Directions: Your task is to print all of the entries exactly, though the pictures should not be included.

(Records from a data collection)
== Segment start ==

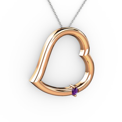 Ametist 8 ayar rose altın kolye (40 cm gümüş rolo zincir)
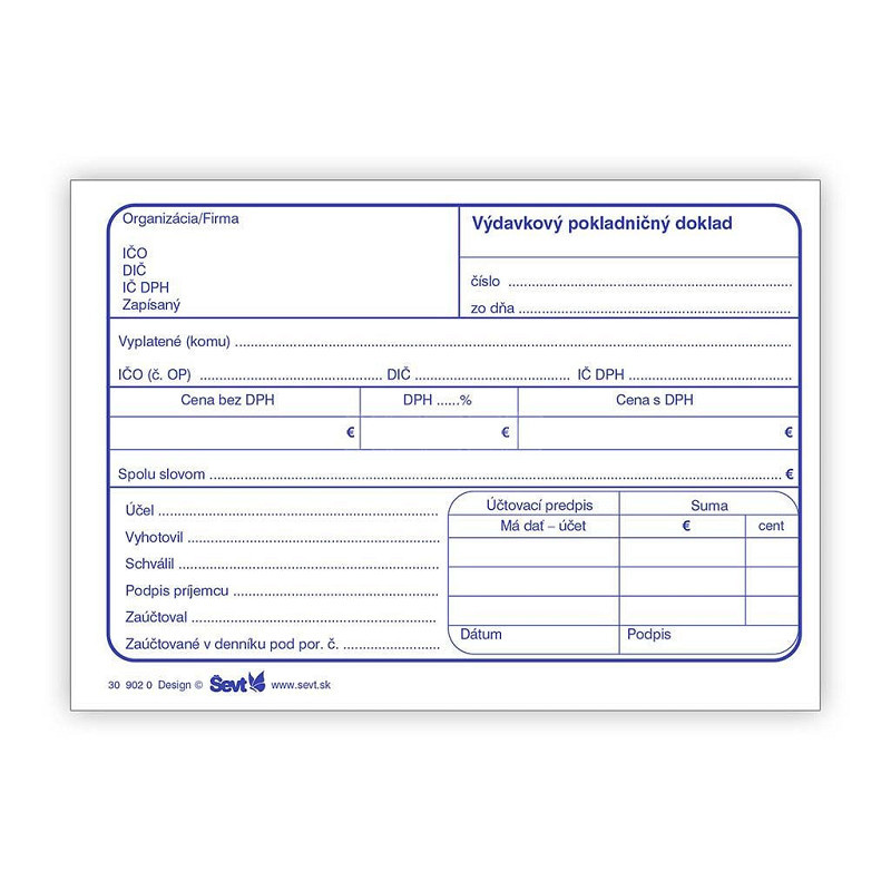 Výdavkový poklad. doklad s DPH, ŠEVT, A6, 100 listov 309020 Kód tovaru: 150.3090.20
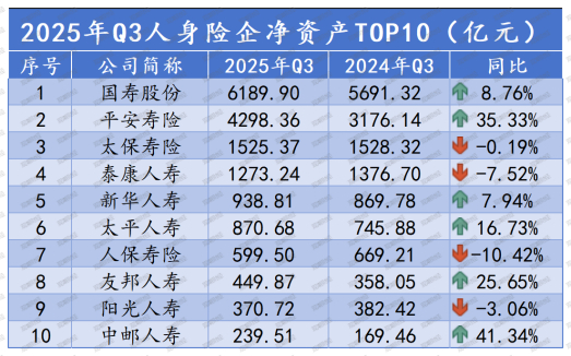 具体来看,2025年Q3,国寿股份净资产同比上升8.76%,突破六千亿元;平安人寿净资产突破四千亿元,同比增长35.33%;太保寿险、泰康人寿净资产则同比下降,分别为1525.37亿元、1273.24亿元。
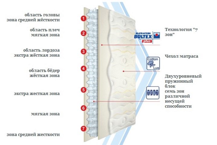 The basis of these spring mattresses is a special spring block. He is able to provide a variety of mattress hardness levels:
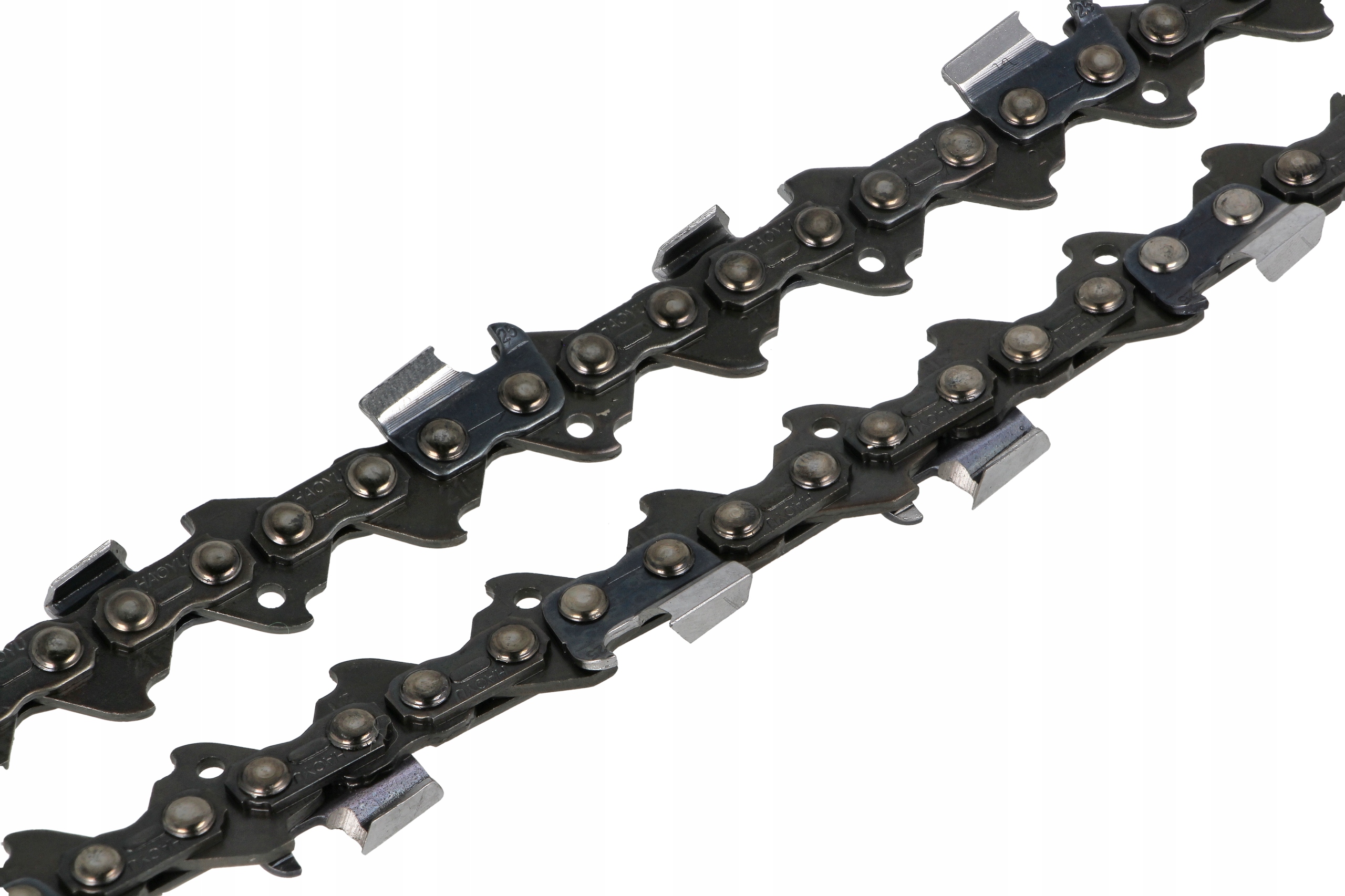 Цельнозубчатые цепи имеют высокий уровень передачи мощности пилы на эффективность пиления за счет режущих зубьев острого профиля. вместе со звеньями, уменьшающими отдачу.
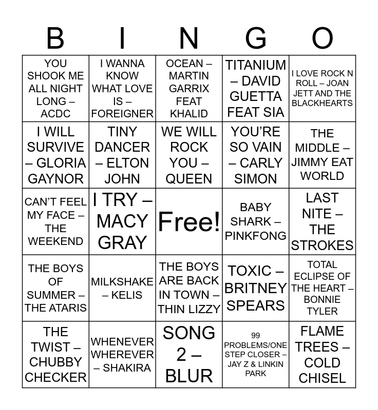 This bingo card has a free space and 49 words: FIRESTARTER – THE PRODIGY, FLAME TREES – COLD CHISEL, SOMEBODY THAT I USE TO KNOW – GOTYE, SONG 2 – BLUR, MILKSHAKE – KELIS, FAITH – GEORGE MICHAELI WANNA DANCE WITH SOMEBODY – WHITNEY HOUSTON, I WANNA KNOW WHAT LOVE IS – FOREIGNER, I WANT IT THAT WAY – BACKSTREET BOYS, I WILL SURVIVE – GLORIA GAYNOR, I’LL BE THERE FOR YOU – THE REMBRANDTS, TINY DANCER – ELTON JOHN, TITANIUM – DAVID GUETTA FEAT SIA, TOTAL ECLIPSE OF THE HEART – BONNIE TYLER, TOXIC – BRITNEY SPEARS, WE ARE FAMILY – SISTER SLEDGE, WE BELONG TOGETHER – MARIAH CAREY, WE WILL ROCK YOU – QUEEN, BABY SHARK – PINKFONG, I KISSED A GIRL – KATY PERRY, I LOVE ROCK N ROLL – JOAN JETT AND THE BLACKHEARTS, I TRY – MACY GRAY, 99 PROBLEMS/ONE STEP CLOSER – JAY Z & LINKIN PARK, YOU SHOOK ME ALL NIGHT LONG – ACDC, YOU’RE SO VAIN – CARLY SIMON, ZOMBIE – THE CRANBERRIES, THE MIDDLE – JIMMY EAT WORLD, THE TWIST – CHUBBY CHECKER, SWEET CHILD O’MINE – GUNS N ROSES, THE BOYS ARE BACK IN TOWN – THIN LIZZY, THE BOYS OF SUMMER – THE ATARIS, WHERE IS THE LOVE – BLACK EYED PEAS, WHIP IT – DEVO, WILD WORLD – CAT STEVENS, WONDERWALL – OASIS, WHENEVER WHEREVER – SHAKIRA, KING KUNTA – KENDRICK LAMAR, KISS FROM A ROSE – SEAL, LAST KISS – PEARL JAM, LAST NITE – THE STROKES, BEAT IT – MICHAEL JACKSON, HEY, SOUL SISTER – TRAIN, HOLLABACK GIRL – GWEN STEFANI, HOOK ME UP – THE VERONICAS, CALL ME MAYBE – CARLY RAE JEPSEN, CAN’T FEEL MY FACE – THE WEEKEND, OCEAN – MARTIN GARRIX FEAT KHALID, PLAY THAT FUNKY MUSIC – WILD CHERRY, WORK IT – MISSY ELLIOT and WRECKING BALL – MILEY CYRUS.
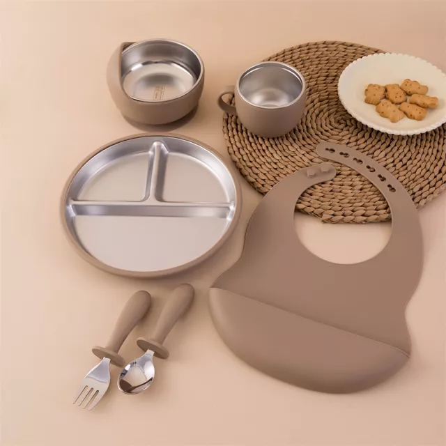 Make mealtime mess-free and enjoyable with this 6-piece infant feeding set designed especially for babies and toddlers. Combining durable stainless steel and soft, BPA-free silicone, this set includes everything you need for weaning—from a plate and bowl to a convenient detachable bib. Crafted for little hands and sensitive skin, it’s perfect for guiding your baby through their first feeding experiences with comfort and safety.
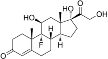 | 9-fluoro-11,17-dihydroxy-17- (2-hydroxyacetyl)- 10,13-dimethyl- 1,2,6,7,8,9,10,11,12, 13,14,15,16,17- tetradecahydrocyclopenta[a]phenanthren-3-one | |
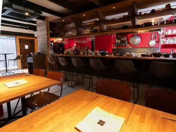 シックな店内は、オープンキッチンのカウンター席をメインに、グループでもゆったり過ごせるテーブル席を用意。風情ある通りが眺められる窓際にも、ふたりで語らえるバーテーブルの座席を配置しています。四条通りに近いので、グラスを交わす間にも祭りもお囃子が聞こえてくるかも。

== Segment end ==

The completed task:
 Ametist 8 ayar rose altın kolye (40 cm gümüş rolo zincir)
 Výdavkový poklad. doklad s DPH, ŠEVT, A6, 100 listov 309020 Kód tovaru: 150.3090.20
 具体来看,2025年Q3,国寿股份净资产同比上升8.76%,突破六千亿元;平安人寿净资产突破四千亿元,同比增长35.33%;太保寿险、泰康人寿净资产则同比下降,分别为1525.37亿元、1273.24亿元。
 The basis of these spring mattresses is a special spring block. He is able to provide a variety of mattress hardness levels:
 Цельнозубчатые цепи имеют высокий уровень передачи мощности пилы на эффективность пиления за счет режущих зубьев острого профиля. вместе со звеньями, уменьшающими отдачу.
 This bingo card has a free space and 49 words: FIRESTARTER – THE PRODIGY, FLAME TREES – COLD CHISEL, SOMEBODY THAT I USE TO KNOW – GOTYE, SONG 2 – BLUR, MILKSHAKE – KELIS, FAITH – GEORGE MICHAELI WANNA DANCE WITH SOMEBODY – WHITNEY HOUSTON, I WANNA KNOW WHAT LOVE IS – FOREIGNER, I WANT IT THAT WAY – BACKSTREET BOYS, I WILL SURVIVE – GLORIA GAYNOR, I’LL BE THERE FOR YOU – THE REMBRANDTS, TINY DANCER – ELTON JOHN, TITANIUM – DAVID GUETTA FEAT SIA, TOTAL ECLIPSE OF THE HEART – BONNIE TYLER, TOXIC – BRITNEY SPEARS, WE ARE FAMILY – SISTER SLEDGE, WE BELONG TOGETHER – MARIAH CAREY, WE WILL ROCK YOU – QUEEN, BABY SHARK – PINKFONG, I KISSED A GIRL – KATY PERRY, I LOVE ROCK N ROLL – JOAN JETT AND THE BLACKHEARTS, I TRY – MACY GRAY, 99 PROBLEMS/ONE STEP CLOSER – JAY Z & LINKIN PARK, YOU SHOOK ME ALL NIGHT LONG – ACDC, YOU’RE SO VAIN – CARLY SIMON, ZOMBIE – THE CRANBERRIES, THE MIDDLE – JIMMY EAT WORLD, THE TWIST – CHUBBY CHECKER, SWEET CHILD O’MINE – GUNS N ROSES, THE BOYS ARE BACK IN TOWN – THIN LIZZY, THE BOYS OF SUMMER – THE ATARIS, WHERE IS THE LOVE – BLACK EYED PEAS, WHIP IT – DEVO, WILD WORLD – CAT STEVENS, WONDERWALL – OASIS, WHENEVER WHEREVER – SHAKIRA, KING KUNTA – KENDRICK LAMAR, KISS FROM A ROSE – SEAL, LAST KISS – PEARL JAM, LAST NITE – THE STROKES, BEAT IT – MICHAEL JACKSON, HEY, SOUL SISTER – TRAIN, HOLLABACK GIRL – GWEN STEFANI, HOOK ME UP – THE VERONICAS, CALL ME MAYBE – CARLY RAE JEPSEN, CAN’T FEEL MY FACE – THE WEEKEND, OCEAN – MARTIN GARRIX FEAT KHALID, PLAY THAT FUNKY MUSIC – WILD CHERRY, WORK IT – MISSY ELLIOT and WRECKING BALL – MILEY CYRUS.
 Make mealtime mess-free and enjoyable with this 6-piece infant feeding set designed especially for babies and toddlers. Combining durable stainless steel and soft, BPA-free silicone, this set includes everything you need for weaning—from a plate and bowl to a convenient detachable bib. Crafted for little hands and sensitive skin, it’s perfect for guiding your baby through their first feeding experiences with comfort and safety.
 | 9-fluoro-11,17-dihydroxy-17- (2-hydroxyacetyl)- 10,13-dimethyl- 1,2,6,7,8,9,10,11,12, 13,14,15,16,17- tetradecahydrocyclopenta[a]phenanthren-3-one | |
 シックな店内は、オープンキッチンのカウンター席をメインに、グループでもゆったり過ごせるテーブル席を用意。風情ある通りが眺められる窓際にも、ふたりで語らえるバーテーブルの座席を配置しています。四条通りに近いので、グラスを交わす間にも祭りもお囃子が聞こえてくるかも。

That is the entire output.